Closed biologghe closed 7 years ago
Unfortunately the stack trace does not container the raising exception. Would you be able to replicate the error if I upload an updated version ?
yes, I'll check with our cluster admin. It's a matter of remounting the fs. Currently a workflow is still running.

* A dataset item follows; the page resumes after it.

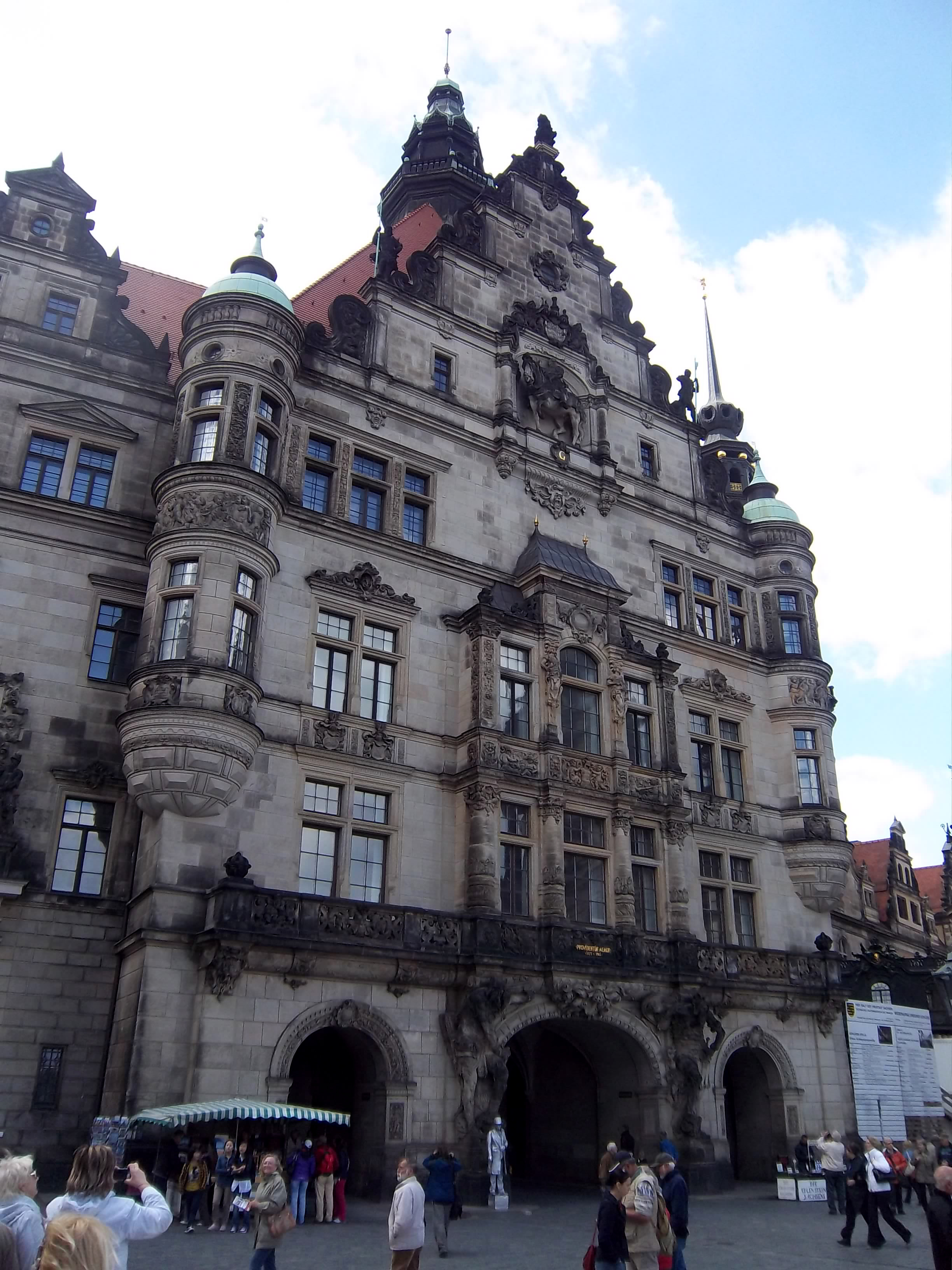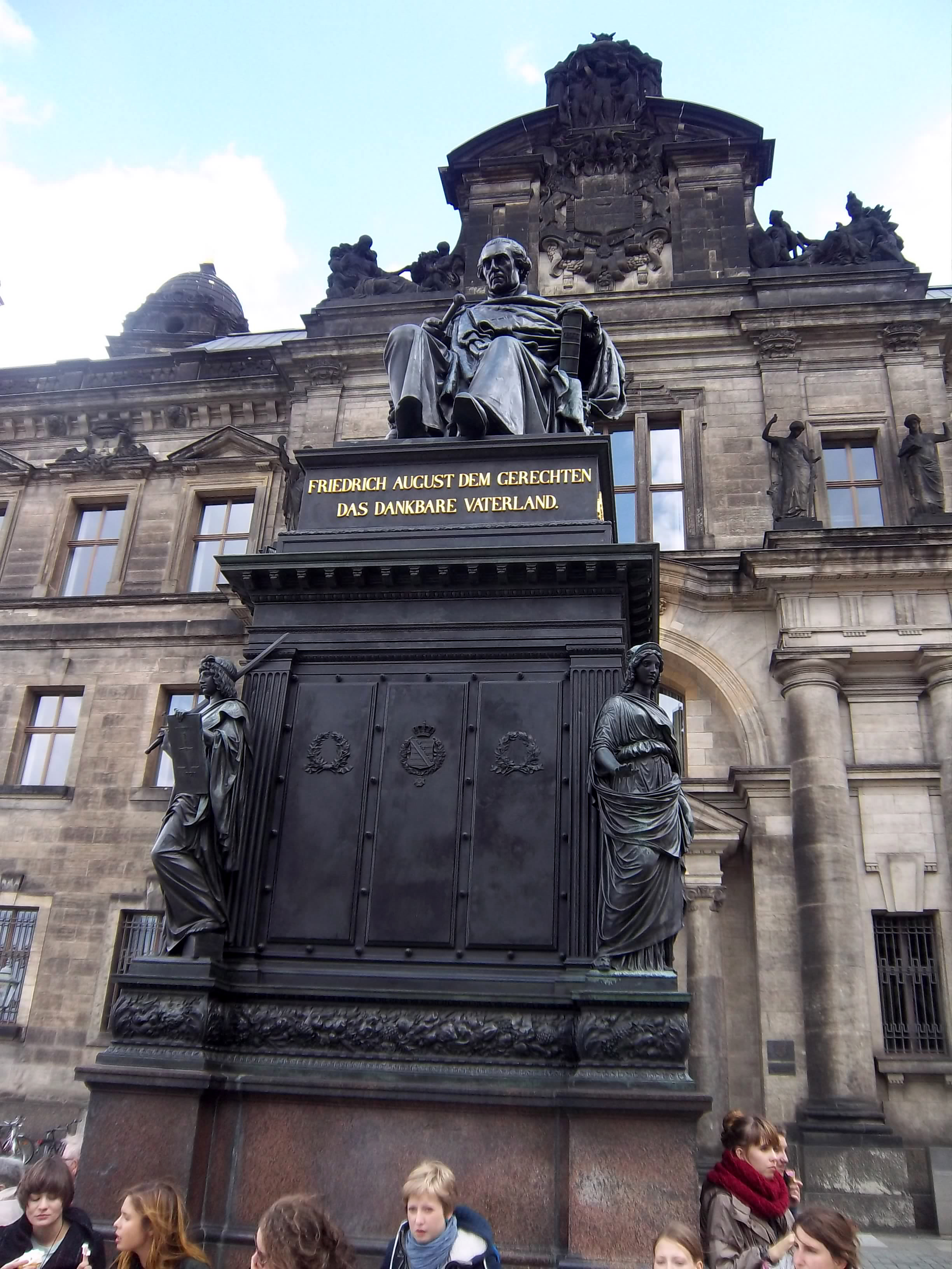 Wir zurück auf die andere Seite, zum beliebten Treffpunkt Friedrich-August-Denkmal hin und zufällig stießen wir auf unsere Dozentin, die uns – ziemlich unwirsch – sagte, dass wir uns um Viertel vor an der Treppe daneben träfen. Maja hatte aber zuvor die vor der Kirche stehenden Pferde gestreichelt und wollte sich die Hände waschen. Wir also ins Residenzschloss hinein, wo es extrem voll war und wir Mühe hatten, zum Waschbecken vorzudringen. Also kamen wir drei Minuten zu spät zum vereinbarten Treffpunkt, an dem keiner mehr war. Maja bekam Angst, dass die Dozenten langsam sauer auf sie würden, weil sie mit der Bibliographie in ihrem Referat etwas geschludert hatte. Wir rannten die Treppe hinauf, weil eigentlich der nächste Punkt die dortige Brühlsche Terrasse hätten sein sollen. Kein Kursteilnehmer weit und breit zu sehen.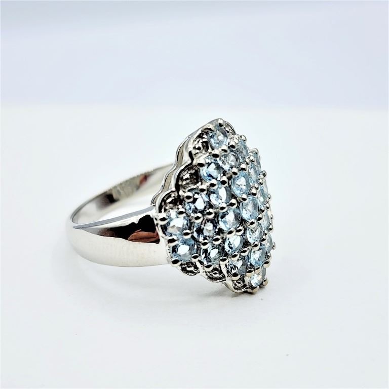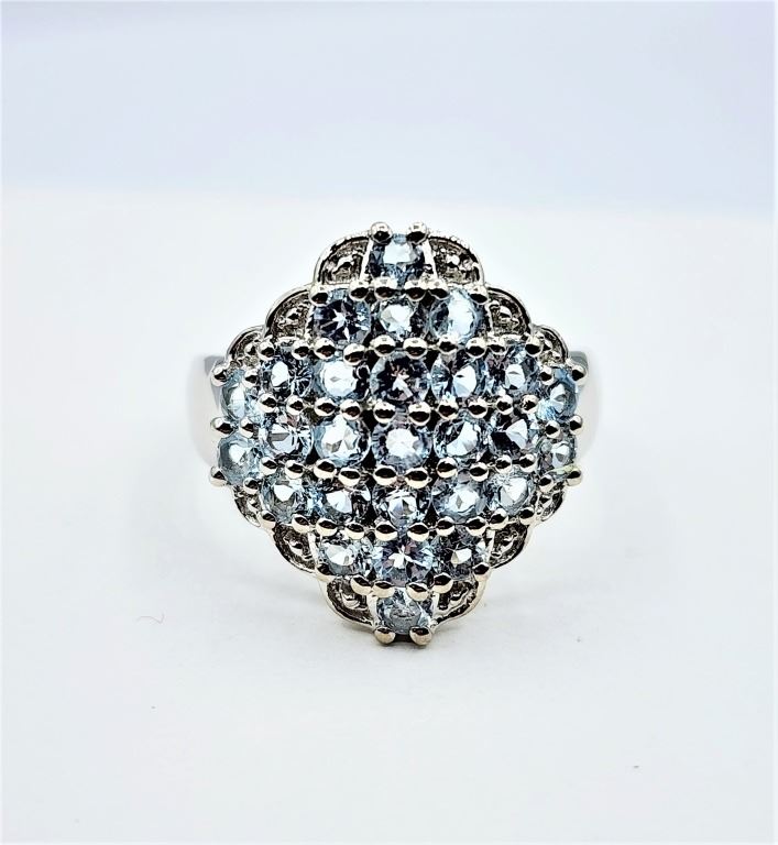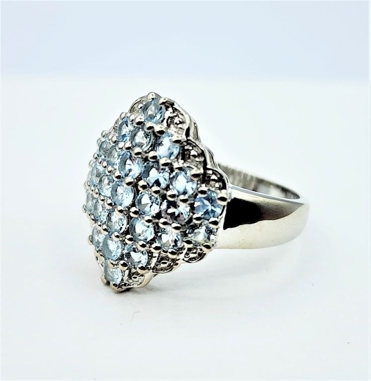 STERLING SILVER NATURAL BLUE TOPAZ RING, 28 BLUE TOPAZ (1.68CTS), W/A $420.00, SIZE 7, BLUE TOPAZ IS THE BIRTHSTONE FOR DECEMBER.

I'll be back asap.
Nice in that case, please download a new snapshot with:
NXF_VER=0.24.0-SNAPSHOT CAPSULE_RESET=1 nextflow info
Then
NXF_VER=0.24.0-SNAPSHOT nextflow run .. etc
Hi Paolo,
This is the content of .nextflow.log when lustre is mounted without the -o flock
option:
Mar-14 13:43:34.542 [main] DEBUG nextflow.cli.CmdRun -
Version: 0.24.0-SNAPSHOT build 4204
Modified: 13-03-2017 16:05 UTC (17:05 CEST)
System: Linux 3.10.0-327.3.1.el7.x86_64
Runtime: Groovy 2.4.9 on OpenJDK 64-Bit Server VM 1.8.0_91-b14
Encoding: UTF-8 (UTF-8)
Process: 126426@disc-xeon-1 [x.x.x.x]
CPUs: 48 - Mem: 125.7 GB (118.2 GB) - Swap: 4 GB (4 GB)
Mar-14 13:43:34.592 [main] DEBUG nextflow.Session - Work-dir: /mnt/lfs_dev/home/mlogghe/working_dir/NGS_Gerald/ngsnanoxtractor/work [lustre]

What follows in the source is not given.